Before I get into that, though, I will say that I thought the opening conversation between Jaime and Tyrion was a bit of a slow start for the episode. I’ve really enjoyed seeing them interact this season; it’s one of the changes made by the show that has worked really well. It was also a smooth (if predictable) lead-in to them reintroducing Gregor Clegane. While it’s understandable that the writers wanted to remind viewers that The Mountain is a huge jerk, seeing him disemboweling random men (presumably/hopefully prisoners) over and over again seemed a bit over the top.
The scene made for a good segue into the Hound and Arya. I’ve been wondering how the show would wrap up their storyline, and it seems that in tonight’s episode they moved leaps and bounds toward doing so. Their conversation with the dying man was a bit drawn out for my taste, and the sudden attack by Rorge and Biter was a bit much – to the point of seeming like lazy writing. Not even because this was another deviation from the books. Sandor and Arya killing them will of course effect other characters’ story lines, but probably not in an extremely problematic way. It seems to me that what should have been a more pivotal scene for Sandor and Arya was rushed, or perhaps even thrown away entirely.
Meanwhile, up at the Wall, the writers are doing their best to make viewers despise Alliser Thorne. We already know from recent episodes that he doesn’t like Jon, and although I understand that there were loose ends here that needed to be tied up, the inclusion of this brief interlude – at least at this point in this episode – felt awkward at best.
Keeping in line with the show’s need to push some plot lines forward sooner rather than later, as we just saw Tyrion’s trial last week and know that the next episode is named The Mountain and the Viper, it was clear that they had to move quickly to reveal his champion. It was nice to see another great book scene recreated nearly word for word when Bronn visited him, and certainly interesting that despite not introducing Lollys they are mentioning her anyway. I’m intrigued to see if we will ever meet her (or any of her family members).
The next few exchanges were a bit of a blur.
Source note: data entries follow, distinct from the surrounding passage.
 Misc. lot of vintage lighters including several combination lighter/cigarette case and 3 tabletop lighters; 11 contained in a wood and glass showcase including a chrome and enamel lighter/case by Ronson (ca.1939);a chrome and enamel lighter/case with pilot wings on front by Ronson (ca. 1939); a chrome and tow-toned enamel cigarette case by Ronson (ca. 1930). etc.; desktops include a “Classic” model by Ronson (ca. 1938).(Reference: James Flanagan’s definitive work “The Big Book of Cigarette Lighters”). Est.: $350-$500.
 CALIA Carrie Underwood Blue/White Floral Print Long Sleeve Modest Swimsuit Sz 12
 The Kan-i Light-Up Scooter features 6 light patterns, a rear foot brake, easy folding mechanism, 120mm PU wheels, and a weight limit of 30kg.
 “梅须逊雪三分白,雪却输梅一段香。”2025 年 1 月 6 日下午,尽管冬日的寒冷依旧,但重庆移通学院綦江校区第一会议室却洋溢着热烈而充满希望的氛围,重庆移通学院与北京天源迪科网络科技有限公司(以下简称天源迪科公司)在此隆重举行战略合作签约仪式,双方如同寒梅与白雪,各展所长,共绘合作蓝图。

Dany’s relationship with Daario escalating now of all times is a bit fast, in my opinion, though part of the issue could be due to the actor changing. As for Melisandre and Selyse, the entire scene and conversation depicted in Mockingbird was nothing short of contrived. Melisandre actually attempting to joke was simply awkward.
Not, however, as awkward as Jorah arriving at Daenerys’ private chambers (apparently very early in the morning) and finding Daario leaving them. This is one of the situations where not being in the character’s head means losing important pieces of information, and though Daenerys tells Jorah that she is sending the Second Sons away because she knows that she can’t trust Daario, I do wish we saw a bit more of her inner turmoil over her attraction to him.
I also think there is some harm being done in terms of how they are portraying her decision making process – she crucified the masters of Meereen, and though last week’s scene with Hizdahr seemed meant to make her second guess that decision, she’s somehow still ready to go kill all of the masters of Yunkai? Then a brief conversation with Jorah makes Dany change her mind about doing so. I’m sure we’re meant to believe that her willingness to compromise (to a small extent) is a good thing, but in portraying it this way the show is in danger of making her seem wishy-washy.
Thankfully, this was followed by one of the stronger scenes in the episode, in which the Hound finally got the chance to tell his own story about his burns! Rory McCann was truly splendid with this monologue, which feels like both a blessing and a curse, if only because it once again makes me wish he’d been the one to tell Sansa these things as well. I suppose I could have done without the constant shot of his neck wound from being chomped on by Biter, but as a whole I really loved this interaction. Somehow I’m both anxiously awaiting and dreading what may happen the next time we see these two on screen.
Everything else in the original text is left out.